I've been able to construct the Docker container and scripts for a database. We can connect to the database with:

In [3]:
%sql postgresql://root:cybergis@localhost:5432/routing

and then obtain the network geometry within a bounding box with the following SQL command:

In [4]:
%%sql network_geom <<
SELECT ST_AsText(the_geom) AS route_readable FROM ways
WHERE the_geom && ST_MakeEnvelope(-88.23, 40.10, -88.22, 40.11, 4326);

 * postgresql://root:***@localhost:5432/routing
3093 rows affected.
Returning data to local variable network_geom


...then load the geometry with shapely and convert to a GeoDataFrame...

In [5]:
geom = [shapely.wkt.loads(x[0]) for x in network_geom]
gdf = gpd.GeoDataFrame(crs="epsg:4326", geometry = geom)
print(len(gdf))
gdf.head()

3093


Unnamed: 0,geometry
0,"LINESTRING (-88.22381 40.10357, -88.22348 40.1..."
1,"LINESTRING (-88.22381 40.10357, -88.22381 40.1..."
2,"LINESTRING (-88.22349 40.10253, -88.22345 40.1..."
3,"LINESTRING (-88.22377 40.10152, -88.22350 40.1..."
4,"LINESTRING (-88.22400 40.10068, -88.22293 40.1..."

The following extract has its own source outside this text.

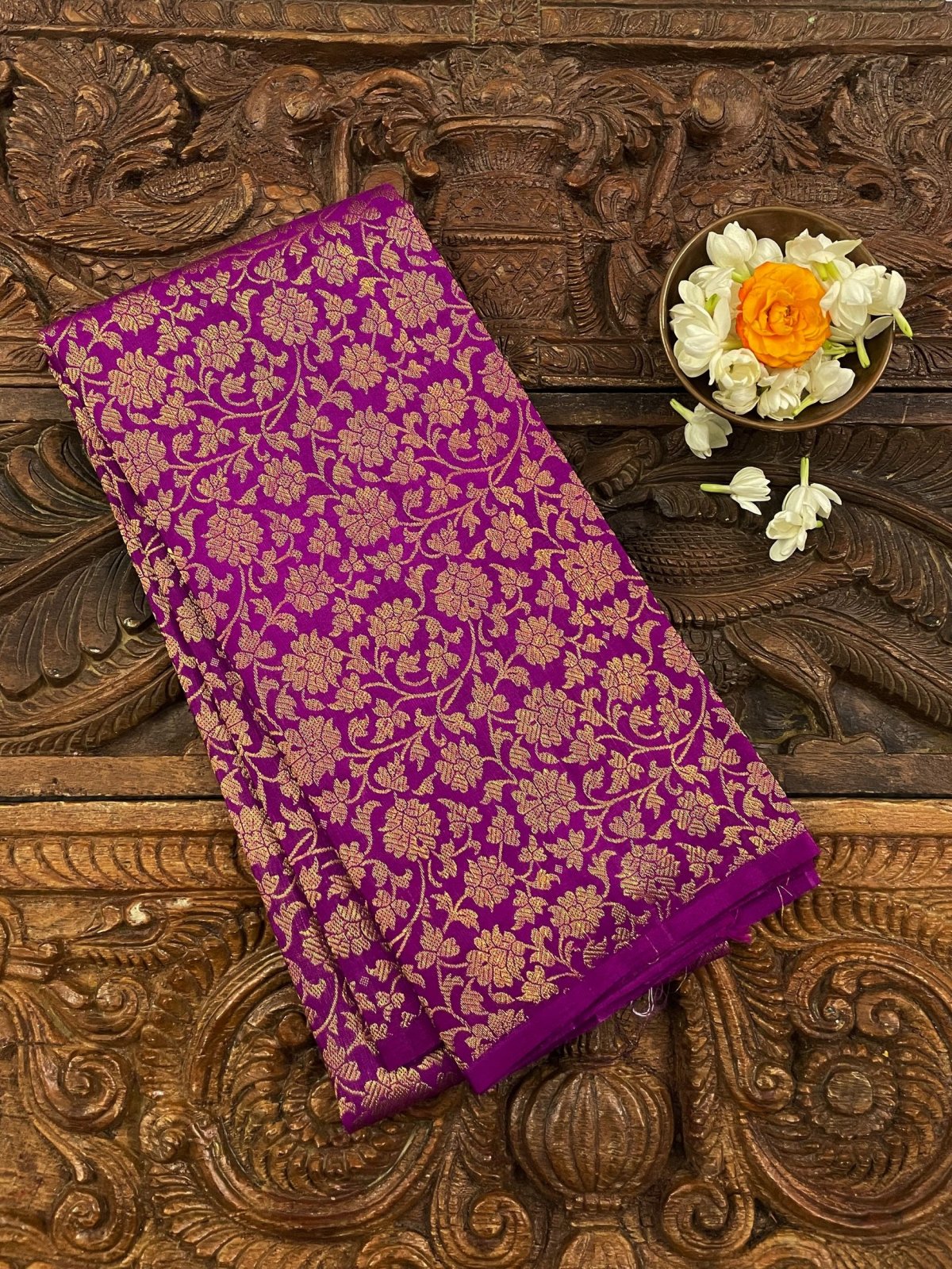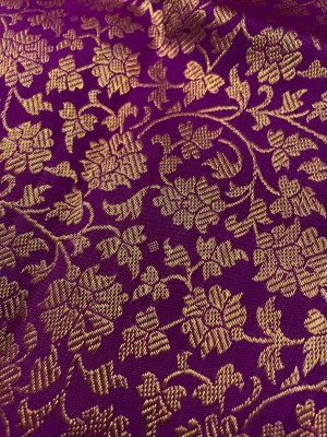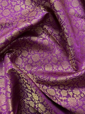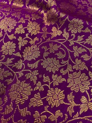 This handwoven purple Kanjeevaram silk blouse is adorned with elaborate floral gold zari brocade all over.

...and create an interactive visualization with Geopandas explore()

In [6]:
gdf.explore()

## Next Steps:

* Perform simple routing on the full network
* Perform cost-based routing (based on time rather than length)
* Perform routing on a vehicle only network (exclude pedestrian and cycling routes)
* Perform routing between arbitrary coordinates (not node IDs).

**Stretch Goals:**

* Routing between many origins and destinations
* Load origin and destination tables and route between them
* Implement more data cleaning (remove disconnected components, etc.)